Except, of course, it won't. In fact, the Insolent.AI doesn't even claim to have the capabilities to do so in its own app description. The company specifically states "This App does NOT predict same sex attraction." They later warn in another disclaimer, "This application is not a diagnosis, a prediction, or a predisposition score." In fact, it's not even clear how the app would be able to produce such a result even if it wanted to. Instead, what it does is place you on a spectrum based on how closely your genetic profile matches those of people who are known to be attracted to people of the same sexual identity. It places your results on a graph that shows your same-sex attraction as compared to others by using data collected for the aforementioned study of 500,000 people — a study that declared that genetics only account for about 25 percent of a person's sexuality.

Gene Plaza

At best, "How gay are you?" is a silly and pointless app, and a quick way to throw away $5.50, the price the developers are asking for participants to pay for the service. At worst, though, the app reinforces some really terrible ideas about sexuality and could enable malicious actors to target the LGBTQ community, as has been done in the past — and it has a shady enough background to call into question its true intentions.

According to OneZero, the "How gay are you?" app is tied to a developer named Joel Bellenson, who works Insolent.AI and is based in Uganda — a country that has an ongoing history of attempting to repress and even eliminate its gay population. The country passed the Uganda Anti-Homosexuality Act in 2014 that made same-sex relations a criminal offense punishable by life in prison. The rule was eventually struck down by the country's Constitutional Court, but efforts to implement punishments for being gay have persisted in the country. Earlier this week, a version of the legislation was once again proposed in Uganda, this time giving the government the ability to sentence people to death simply for being gay.
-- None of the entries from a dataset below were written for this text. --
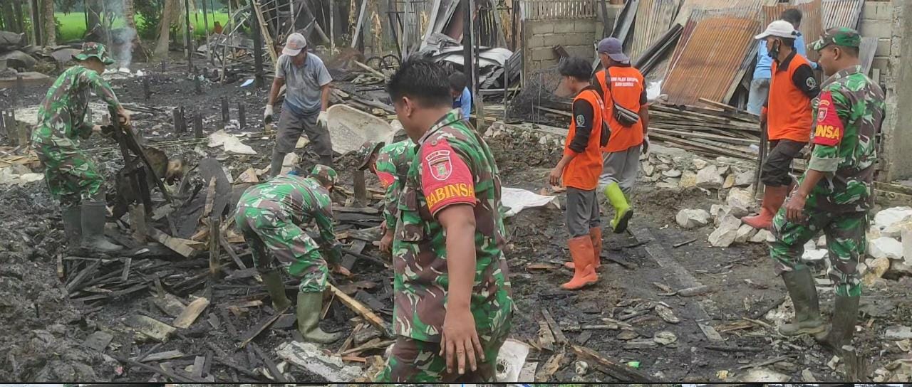 BARABAI-Koramil 1002-06/Barabai bersama BPBD Kab. HST, Dinas Lingkungan Hidup dan Barisan Kebakaran serta warga masyarakat melaksanakan gotong royong pembersihan puing-puing sisa kebakaran 3 unit
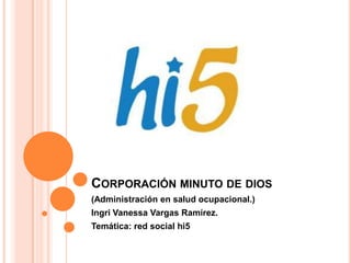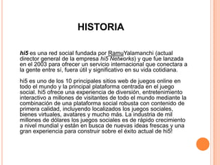 hi5 es una red social fundada en 2003 que ofrece juegos y contenido social a millones de usuarios a nivel mundial. Los usuarios pueden compartir fotos, comentarios, y agregar amigos en su perfil. hi5 tiene características como comentarios, amigos ilimitados, diarios, y aplicaciones. Algunas ventajas son socializar y darse a conocer, mientras que las desventajas incluyen perfiles falsos, invitaciones no deseadas, y fallas técnicas.
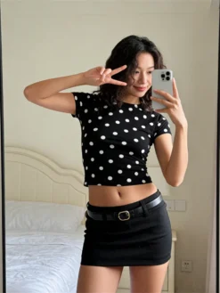 Women’s Summer Crop Top Short Sleeve Round Neck Dot Pattern Slim Fitted T Shirt Streetwear
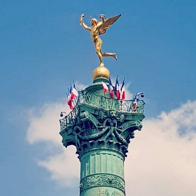 July Column (French: Colonne de Juillet) in the Place de la Bastille. It was inaugurated July 28, 1840 and continues to stand tall.
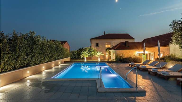 Gorgeous Home In Split ist eine Unterkunft mit eigenem Pool und Meerblick. Es handelt sich um ein klimatisiertes Ferienhaus, das über 5 Schlafzimmer, ein Wohnzimmer, eine voll ausgestattete Küche sowie 4 Badezimmer verfügt. Die Unterkunft bietet zudem einen Whirlpool und einen Außenpool.
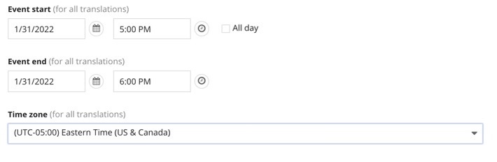 - Fill in the event start and end times. Be sure to have the correct timezone (EST) selected from the drop-down.
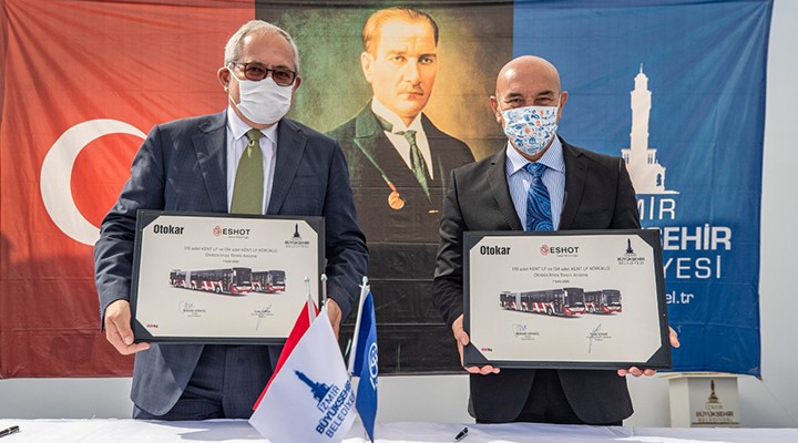 Son 10 ayda toplam 83 yeni ve yerli otobüsü yurttaşların hizmetine sunan İzmir Büyükşehir Belediyesi, 170’i solo, 134’ü körüklü olmak üzere toplam 304 otobüs daha aldı. 89’uncu İzmir Enternasyonal Fuarı’ndaki İzmir Büyükşehir Belediyesi Standı’nda bugün yeni otobüsler için imzalar atıldı. Törende İzmir Büyükşehir Belediye Başkanı Tunç Soyer ve Otokar Otobüs Firması Genel Müdürü Serdar Görgüç, kentte toplu ulaşımın kalitesini ve konforunu artıracak 304 otobüsü İzmirlilere müjdelemek üzere buluştu. Törene İzmir Büyükşehir Belediye Başkan Vekili Mustafa Özuslu, İzmir Büyükşehir Belediyesi Genel Sekreteri Dr. Buğra Gökçe, CHP Parti Meclis Üyesi (PM) Rıfat Nalbantoğlu, CHP İzmir Milletvekillerinden Kani Beko, Murat Bakan, Özcan Purçu, ilçe b elediye başkanları, DİSK temsilcileri ve davetliler katıldı.
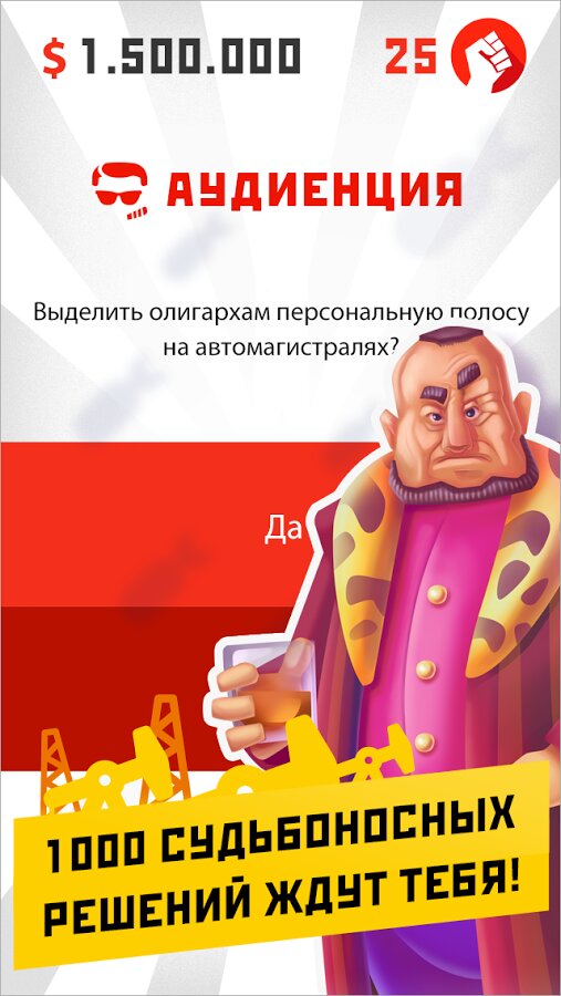 Вы — молодой диктатор свободной, демократической страны. Вас любит народ, у вас есть большие деньги. Ваша задача — продержаться у власти как можно дольше, прежде чем вас свергнут. Каждый день вы будете принимать к себе в кабинет представителя одного из шести сословий народа: полиция, военные, правозащитники, члены семьи, олигархи и народ. В ходе вашей аудиенции вам будет задан вопрос, на который вы должны дать четкий ответ: да или нет. От вашего ответа на ту или иную просьбу будут реагировать все сословия, кто-то положительно, кто-то отрицательно. Какую политику вести — выбор за вами. Только учтите, что каждый месяц правления равен одной аудиенции, что в свою очередь обходится вам в 100.000 у.е. Как только вы потратите все деньги или одно из сословий потеряет к вам интерес, произойдет революция и вы проиграете. Лишь в балансе всех групп кроется победа.
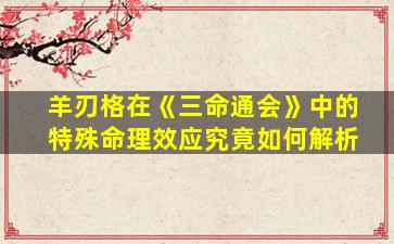 在《三命通会》中,羊刃格作为特殊命格之一,其命理效应需结合五行生克、神煞配合及全局结构综合解析。以下是其核心要点的系统分析:
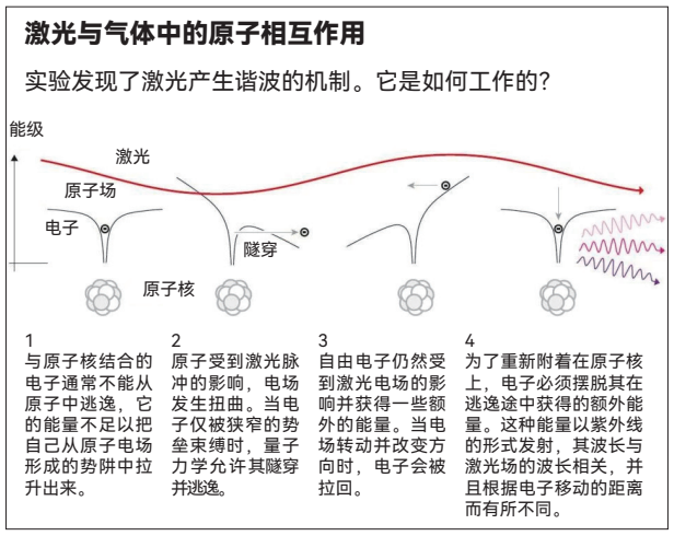 这些光的波依次相互作用。它们的波峰重合时,就会变得更加强烈。当波峰遇到波谷,光的强度就会下降。有时,如果光的波能以正确方式发生相互作用,它们就会产生持续几百阿秒的紫外脉冲。
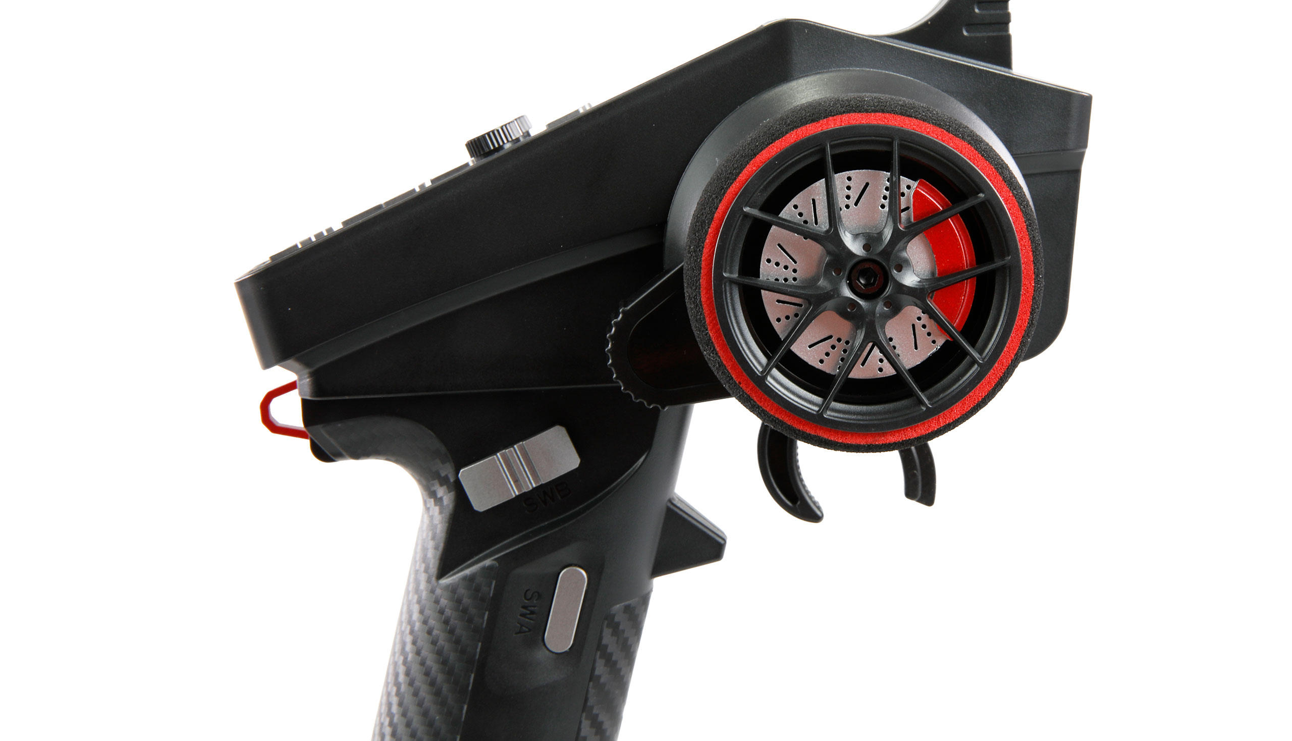 The control system offers the following controls: throttle, steering, a push button on the handle (SWB), a three-way switch above the handle (SWA) and two simple buttons on the top. Digital trim ensures that all settings are retained even when the remote control is turned off.
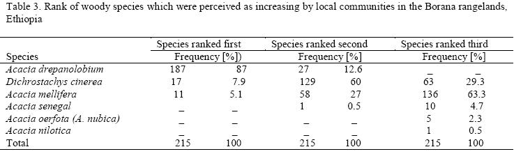 The findings of our results show that saplings and seedlings of A. drepanolobium were expanding in abundance and frequency by dominating other species in the rangelands of Borana. The IWSR for A. drepanolobium was very high (3.02), suggesting that the species is largely expanding throughout the study area, posing a major threat to rangeland resources and local livelihood system. Similarly, previous research (e.g. Angassa and Oba, 2008) has reported that A. drepanolobium is among the most encroaching species with a high IWSR. The ecological mechanisms for that might be complex (Riginos and Young, 2007) as tree growth depends on several factors. These characteristics and the indicative trends mentioned by our respondents could signify the potential threat of A. drepanolobium as an indigenous invasive species (see Figure 3). This is in agreement with other field studies from the mid 1980s and earlyl990s (e.g. Assefa et al., 1983; Tamene, 1990; Coppock, 1994; Oba, 1998; Oba et al., 2000) and also reported by remote sensing studies on bush encroachment in this area (e.g. Hacker, 1990; Gadd et al., 2001). Others (e.g. Gemedo et al., 2006; Angassa and Oba, 2008a) suggested that vast areas of the Borana rangelands have experienced bush encroachment. These observations also corroborate well with the information generated from socio-economic surveys. Local observation suggested that A. drepanolobium and other invading woody species were expanding in abundance following the ban on bush fire related to government policy matters.
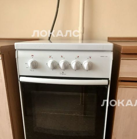 На кухне наборная мебель, гaзовая плита, электрический духовой шкаф, xoлодильник.
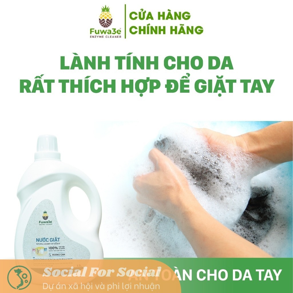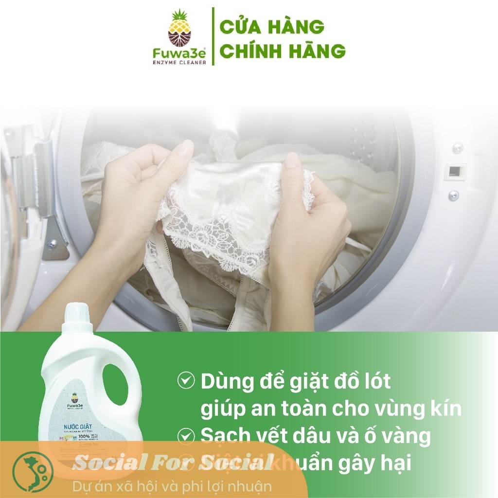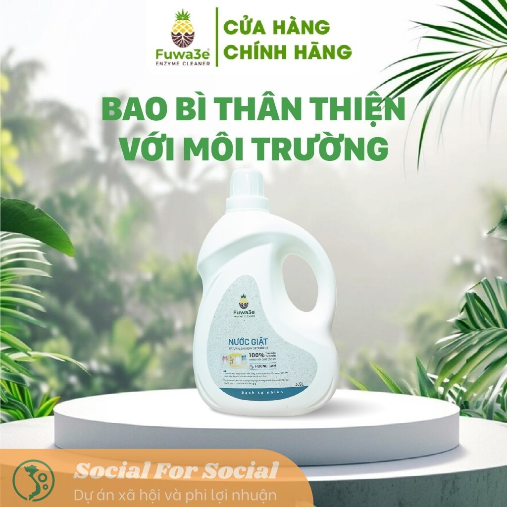Là nhà sản xuất nước giặt tự nhiên có thành phần chính được lên men từ DỨA: các acid hữu cơ và enzyme làm nhiệm vụ phân tách chất bẩn. Ngoài tiêu chí đảm bảo giặt sạch, thơm, nước giặt Fuwa3e còn an toàn tuyệt đối, không hại da tay. Đặc biệt rất phù hợp cho quần áo trẻ em.
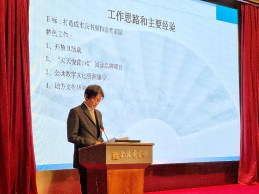 接着,分馆建设部的张俊同志向大家介绍了他近期参加基层图书馆创新服务与高质量发展研讨班的流程,并回顾了专家关于基层图书馆服务创新与效能提升、总分馆体系建设等讲座的主要内容,着重阐发了总分馆体系的重要意义。
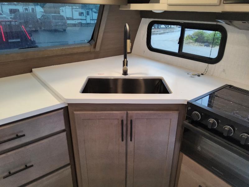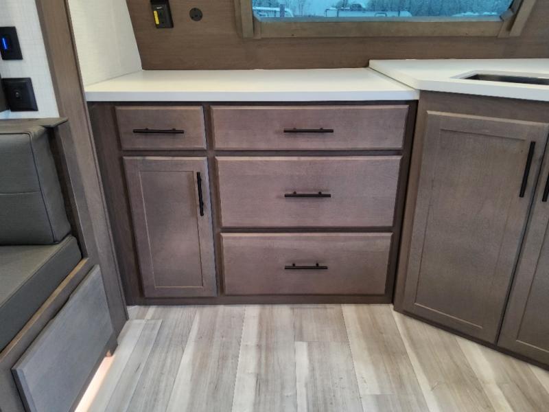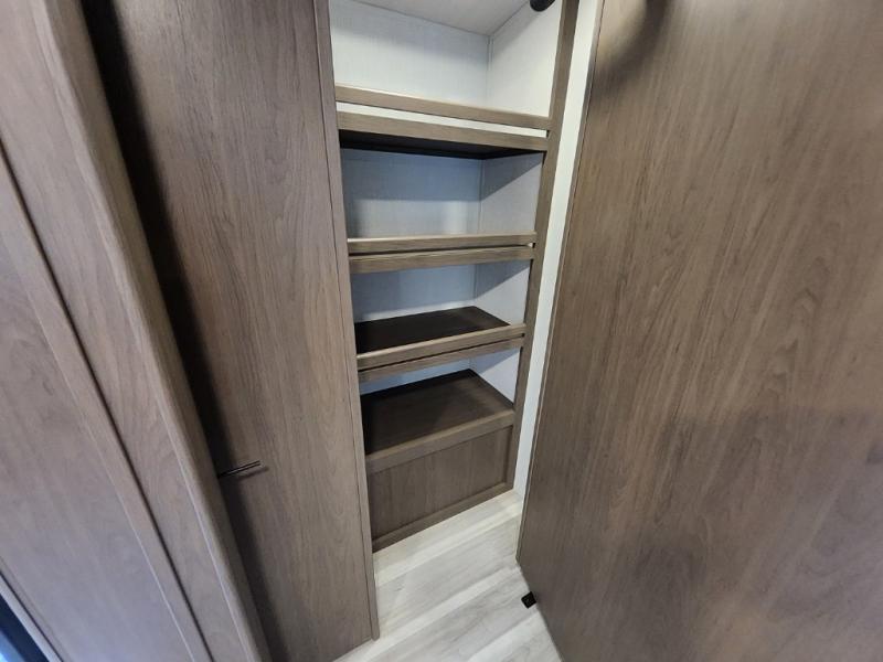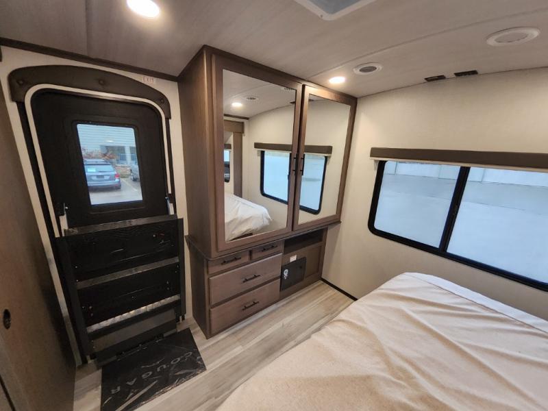 With a queen-size bed and a king bed option, this Cougar Half-Ton travel trailer shows that you can still be comfortable even while you're away from home! The bed slides out to provide more interior space and there is a wardrobe opposite near the private entry door. The main entry up front leads into a spacious combined kitchen and living area with the front kitchen offering plenty of counter space and overhead storage. There is a 12-volt refrigerator to the left of the entry door, and access to a walk-in pantry is right around the corner from the pivoting entertainment center opposite a tri-fold sofa sleeper and booth dinette slide. This unit also features a full-width walk-thru bath giving you plenty of room to shower and change.
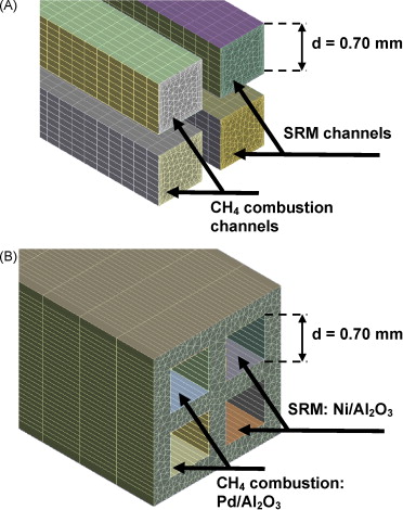 The integration of the steam reforming and combustion of methane in a catalytic microchannel reactor has been simulated by computational fluid dynamics (CFD). Two models including 4 or 20 square microchannels of 20 mm of length and 0.7 mm of side have been developed. It has been assumed that a thin and homogeneous layer of an appropriate catalyst has been uniformly deposited onto the channels walls. The kinetics of the steam reforming of methane (SRM), water-gas shift (WGS) and methane combustion in air have been incorporated into the models. This has allowed simulating the effect of the gas streams space velocities, catalyst load, steam-to-carbon (S/C) ratio and flow arrangement on the microreformer performance. The results obtained illustrate the potential of microreactors for process intensification: complete combustion of methane is achieved at gas hourly space velocities (GHSV) as high as 130,000 h−1. As concerns the SRM, methane conversions above 97% can be obtained at high GHSV of 30,000 h−1 and temperatures of 900–950 °C. Under these conditions selectivity for syngas is controlled by the WGS equilibrium.
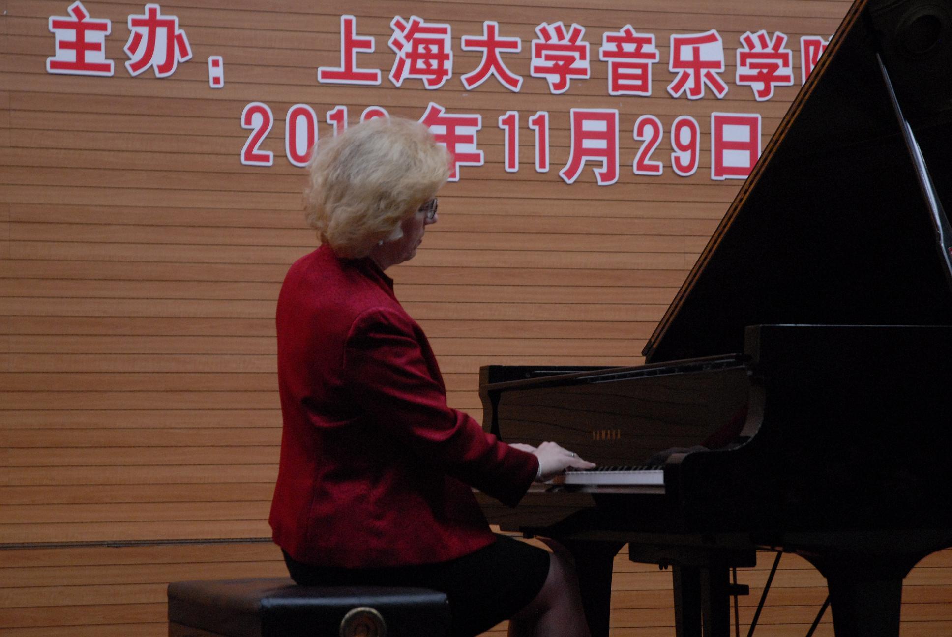 11月29日晚19点,经过短暂的休息,刚刚结束为365完美体育钢琴协会同学的大师班课程,Sara Davis Buechner女士当晚在图书馆报告厅为上大师生献上了一场精彩的钢琴独奏音乐会。365完美体育音乐学院副院长、艺术总监夏小曹、365完美体育音乐学院副院长卿扬等亲临音乐会现场。

Proponents of the proposal — which is commonly referred to as the “Kill the Gays" bill — claim that it will curb the rise of "unnatural sex" occurring in the country. Uganda isn't the only country that has created laws targeting members of the LGBTQ community. According to Human Rights Watch, there are 68 countries around the world that criminalize same-sex relations between consenting adults and at least nine countries that have laws criminalizing gender expression that target transgender and gender non-conforming people.

Given this level of persecution still facing LGBTQ people around the world — an issue that should be at the forefront of the mind of a developer living in Uganda — a test that claims to be able to tell if someone is gay and just how gay they are presents major concerns in the wrong hands. The idea of a government implementing DNA tests to determine if someone is gay or not sounds dystopian but isn't far enough from reality to not be of concern. Following the massive study in search of so-called gay genes published earlier this year, geneticists and members of the LGBTQ community raised concerns that the results may be used for malicious purposes if placed in the wrong hands. Joseph Vitti, a member of the Broad Institute — a biomedical and genomic research center operated by MIT and Harvard — warned of exactly this in an op-ed published earlier this year. "A polygenic risk score for non-heterosexual behavior could easily be used to hurt queer people, regardless of its limited or lack of predictive value," he wrote. Now, whether it intended to or not, "How gay are you?" has presented the model to bring that worst-case scenario to fruition.

There's currently no indication that the app was made with the intention of being used by a repressive government like Uganda or that any nation is looking to implement such a test of sexuality. But it's not hard to imagine a world in which witch hunts for LGBTQ citizens turn to these types of misguided interpretations of genetics to justify persecution. A tool like "How gay are you?" is a step back, not forward, for sexual identity. Its results are bunk at best and it represents the potential for extraordinarily harmful outcomes that go well beyond just plotting someone's supposed "gayness" on a graph.